### EXERCISE:
Transcribe, word for word and without additions, each line below from the one containing "This Chelsea home" through the one containing "This ergonomic kneeling", both ends included.

### EXCERPTED DATA:
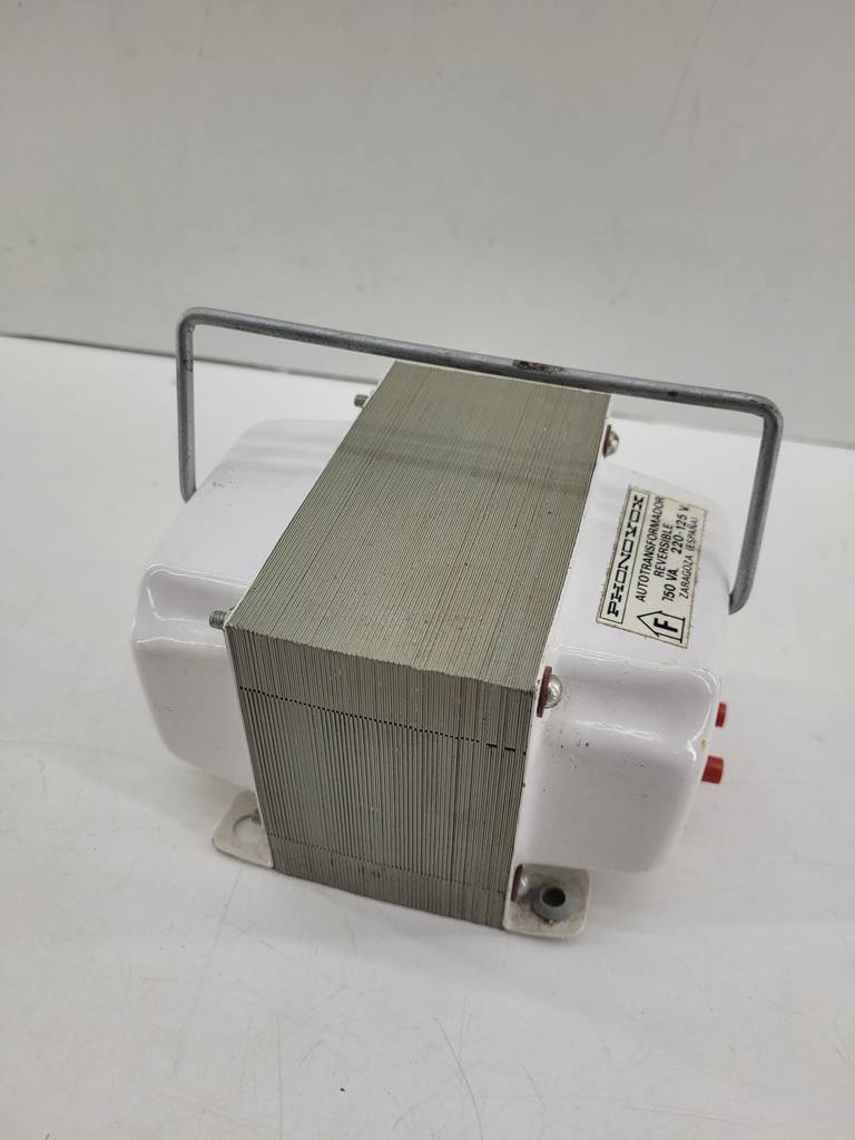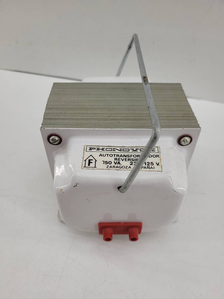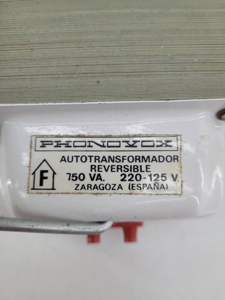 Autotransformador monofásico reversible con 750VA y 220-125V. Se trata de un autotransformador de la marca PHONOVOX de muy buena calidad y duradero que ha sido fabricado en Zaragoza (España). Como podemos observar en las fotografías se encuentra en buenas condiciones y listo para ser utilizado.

--

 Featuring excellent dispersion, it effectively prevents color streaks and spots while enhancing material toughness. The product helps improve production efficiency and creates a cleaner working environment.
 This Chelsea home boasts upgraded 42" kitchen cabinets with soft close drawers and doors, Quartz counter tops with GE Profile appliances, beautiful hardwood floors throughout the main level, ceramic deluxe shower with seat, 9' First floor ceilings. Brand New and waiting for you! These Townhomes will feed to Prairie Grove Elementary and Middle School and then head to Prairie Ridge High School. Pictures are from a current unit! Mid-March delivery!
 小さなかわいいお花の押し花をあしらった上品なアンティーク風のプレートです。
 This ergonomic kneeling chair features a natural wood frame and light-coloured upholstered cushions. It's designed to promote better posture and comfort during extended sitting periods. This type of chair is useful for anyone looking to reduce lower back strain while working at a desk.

### ANSWER SPACE:
 This Chelsea home boasts upgraded 42" kitchen cabinets with soft close drawers and doors, Quartz counter tops with GE Profile appliances, beautiful hardwood floors throughout the main level, ceramic deluxe shower with seat, 9' First floor ceilings. Brand New and waiting for you! These Townhomes will feed to Prairie Grove Elementary and Middle School and then head to Prairie Ridge High School. Pictures are from a current unit! Mid-March delivery!
 小さなかわいいお花の押し花をあしらった上品なアンティーク風のプレートです。
 This ergonomic kneeling chair features a natural wood frame and light-coloured upholstered cushions. It's designed to promote better posture and comfort during extended sitting periods. This type of chair is useful for anyone looking to reduce lower back strain while working at a desk.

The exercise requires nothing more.